Tuesday, October 1, 2013

#RavitchStanford

Last night I had the opportunity to go hear Diane Ravitch give a talk about her new book Reign of Error. So what’s the deal with the title of this post? It’s the Twitter hashtag for the event. After the talk, there was a panel discussion with Ravitch, Eric Hanushek, and Linda Darling-Hammond (hereafter known as LDH). It was, well, interesting.

First, the good parts. I love, love, love listening to LDH talk about assessment. Not about assessment data, but about assessment. Her points about the importance of the new Common Core assessments being used to learn from and improve practice and NOT as another measure used to punish teachers and schools really resonated with me. Assessment for learning, not assessment of learning. Additionally, LDH’s push to have more higher order thinking skills on standardized tests is something I’d love to see. Why are we asking kids to bubble in answers that they could Google? (LDH’s line, not mine. But she’s right.)
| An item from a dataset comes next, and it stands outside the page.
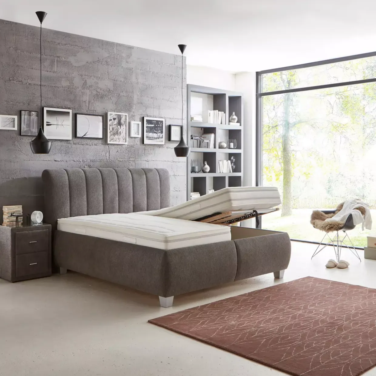 Ein Großraumbettkasten, der durch einen aufklappbaren Lattenrost zugänglich ist, bietet großzügigen Stauraum und damit mehr Ordnung im Schlafzimmer. Das Polsterbett Messina vereint modernes Design mit praktischen Funktionen und wird so zum Highlight in jedem Raum. Die stilvolle Kombination aus Stoff und Kunststoff in den Farben Brego Grau und Silber verleiht dem Bett eine elegante und zeitgemäße Optik, die sich harmonisch in verschiedene Einrichtungsstile einfügt.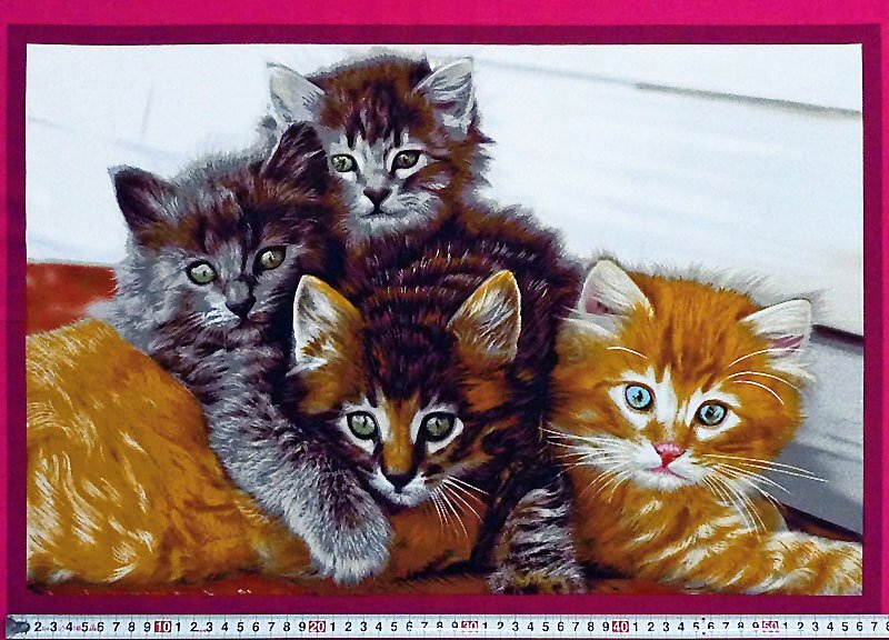 ネコもお花も大きく描かれたこのパネル柄から、クッションやタペストリーを作ると、ネコの魅力に圧倒されますね。

Basically what this comes down to is that I’d love to have an external accountability measure that I actually cared about the results of. STAR? Please. Ridiculousness. This two pronged sea change proposed by LDH would be awesome. More higher order, open-ended questions on standardized tests? Yes please. Using these test results to inform my teaching, not judge me or my school punitively? Even better. But those are two ENORMOUS changes in the way standardized testing is done. I absolutely agree with LDH. And I’m hopeful these changes happen. Man, imagine if she had been named secretary of education...

Both Ravitch and LDH talked extensively about solving societal ills - particularly children living under the poverty line. Yes. That. Needs. To. Happen. Like 30 years ago. LDH made the point that we are the only economically powerful country that allows this sort of inequality to not only persist but grow. Yes. Agree 1,000 times over.

But now the bad. The first 25 minutes of the panel discussion was spent parsing standardized test scores. Does being an educational policy leader and researcher really involve being able to explain why Texas NAEP scores are inflated because of an unrepresentative sample who took the test? Or being able to, from the tip of your tongue, toss out the latest minutiae on why Shanghai test scores are so high? Look, I get that test scores are the language that education is spoken in. BUT FOR REALZ. I don’t need to listen to smart people dissect test scores THAT THEY DON’T EVEN BELIEVE IN THE AUTHENTICITY OF!

Was the conversation interesting? In parts. Is that a shot at Ravitch or LDH? Absolutely not. That’s the game that they are forced to play. They are fighting the battle to make my classroom and classrooms across the US better places. Unfortunately they can’t choose the battlefield.

My biggest takeaway from the evening: when is the context of the conversation about education going to change in this country?

Better question: what am I doing to change the context of the conversation about education in this country?